■ EXERCISE GOAL
The required output is the exact run of lines below that opens at the line with "Collier sur chaîne" and closes at the line with "Вашингтон. 24 мая.".

■ DATASET CONTENT
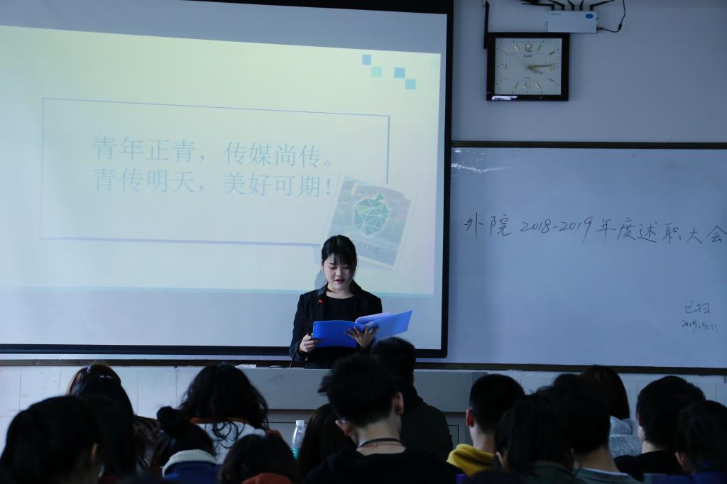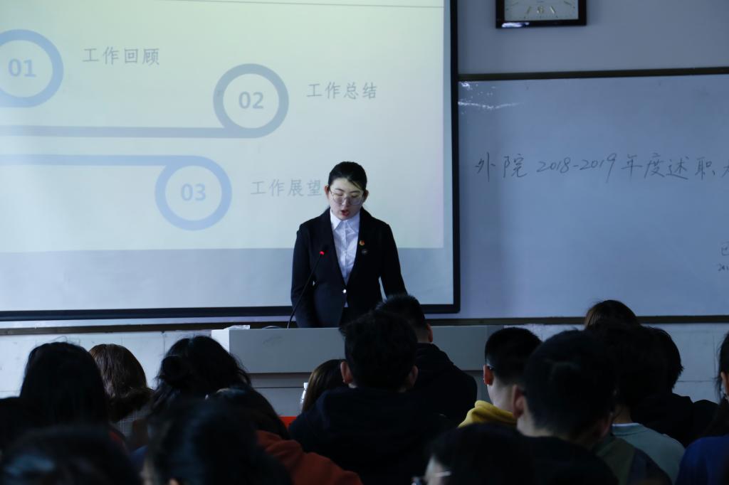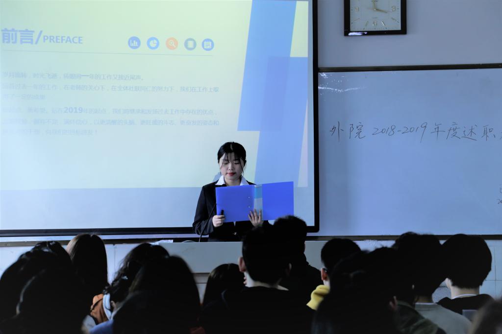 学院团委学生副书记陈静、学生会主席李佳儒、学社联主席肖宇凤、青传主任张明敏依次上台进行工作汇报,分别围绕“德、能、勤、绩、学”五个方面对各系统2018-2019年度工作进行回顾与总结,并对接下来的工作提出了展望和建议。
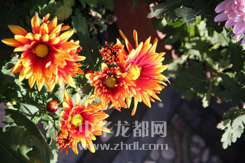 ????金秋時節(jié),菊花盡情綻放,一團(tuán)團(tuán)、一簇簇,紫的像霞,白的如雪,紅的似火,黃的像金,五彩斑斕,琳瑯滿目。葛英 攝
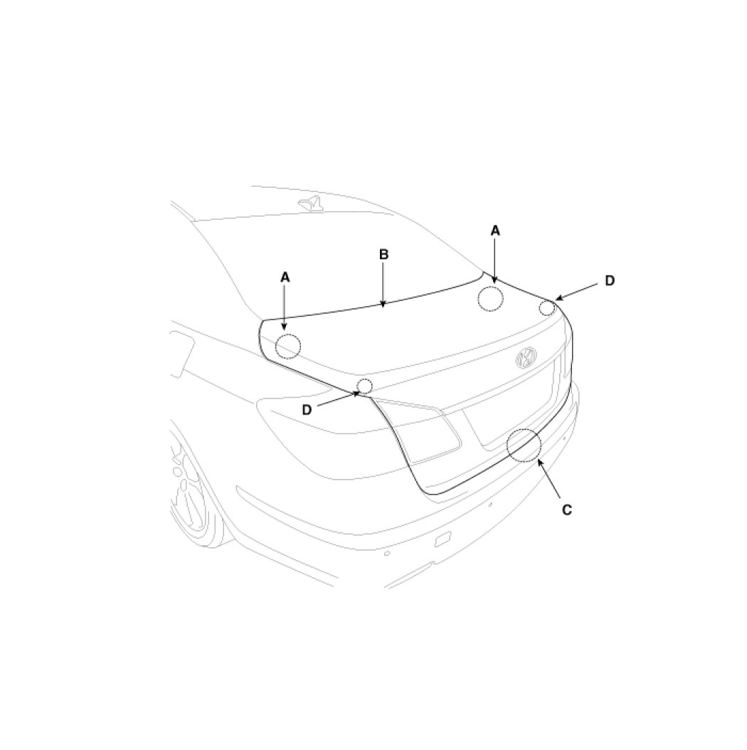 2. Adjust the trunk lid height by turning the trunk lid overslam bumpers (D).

* * *

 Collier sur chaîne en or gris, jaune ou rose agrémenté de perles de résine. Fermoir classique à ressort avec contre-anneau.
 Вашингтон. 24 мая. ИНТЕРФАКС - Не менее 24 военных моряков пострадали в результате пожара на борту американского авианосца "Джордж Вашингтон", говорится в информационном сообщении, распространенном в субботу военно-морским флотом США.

■ EXERCISE SOLUTION
 Collier sur chaîne en or gris, jaune ou rose agrémenté de perles de résine. Fermoir classique à ressort avec contre-anneau.
 Вашингтон. 24 мая. ИНТЕРФАКС - Не менее 24 военных моряков пострадали в результате пожара на борту американского авианосца "Джордж Вашингтон", говорится в информационном сообщении, распространенном в субботу военно-морским флотом США.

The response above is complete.